Even the Senate believes the bill is full of problems -- ones that could affect anyone who uses animals like anglers, hunters, farmers and even researchers. In fact, a Senate committee concluded that even if anglers and hunters were licensed, Bill C-50 would not exclude them from possible prosecution for traditional practices under its present wording.

 

Initially, the Senate was successful in making some amendments to the bill, but the document is still rife with ambiguity. In short, the bill contains nothing that gives definitive protection for traditional users of natural resources, except for aboriginals. The latter have a constitutional right to fish and hunt. This bill is saying that non-aboriginals don't have a constitutional right to hunt and fish.

 

Under the bill's proposed wording, both domestic and wild

animals will be taken out of the property section of the Criminal Code and now be seen more as "beings." The bill would also make killing an animal brutally or viciously illegal, regardless of whether the animal dies immediately.

 

The two words "brutally" and "viciously" are the problem because the government really doesn't define what the words actually mean. And while most people believe that they have a fair and moral understanding of the meaning of the words, many in the animal rights community -- like the People for the Ethical Treatment of Animals (PETA) -- brutal and vicious mean catch and release fishing, hunting, penning animals and the list goes on.

 

According to PETA, "A rat is a pig is a dog is a boy" and they should all be treated equally because they are indeed equal according to the organization.
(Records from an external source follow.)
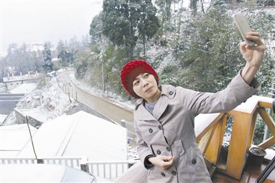 1月24日,在越南北部老街省沙巴镇,一名女子与雪景合影。
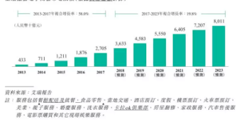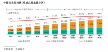 从美团点评目前收入占比最大的餐饮外卖分析,根据艾瑞报告,2017年,中国食品零售和服务行业规模约为人民币8.7万亿元,在线渗透率为13.4%;根据艾瑞报告,到2023年,其规模将达到约人民币14.1万亿元,在线渗透率达29.5%。
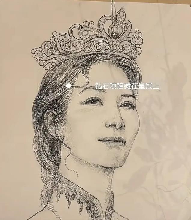 这幅画上还有份十分惊喜的礼物,这幅画上为她画了一副皇冠,而在这个皇冠上多了一颗闪闪发光的钻石项链。

But as radical as they are, they have deep pockets and, as a result, are effective. "With an annual budget of over $24 million, PETA pushes its agenda through the power of the media and through endorsements from high-profile celebrities," said Mike Reader, executive director of the Ontario Federation of Anglers and Hunters.

 

"Their campaigns and emotional rhetoric unlock the pocketbooks of unsuspecting cat and dog lovers, unaware that these groups also claim that pet ownership is the moral equivalent of slavery."

 

Bill C-50 does call for an increase in fines and penalties for animal cruelty and everyone should back that part of the legislation. However, without the exclusion of legitimate animal-use activities such as hunting and fishing, among others, Bill C-50 will lead to legal nightmares for anglers and hunters as court doors will be open for PETA and other animal-rights fanatics to seek well-funded prosecution.

 

If you enjoy hunting and fishing, are a farmer or even just own a pet, you should be talking to your MP and making your feelings known.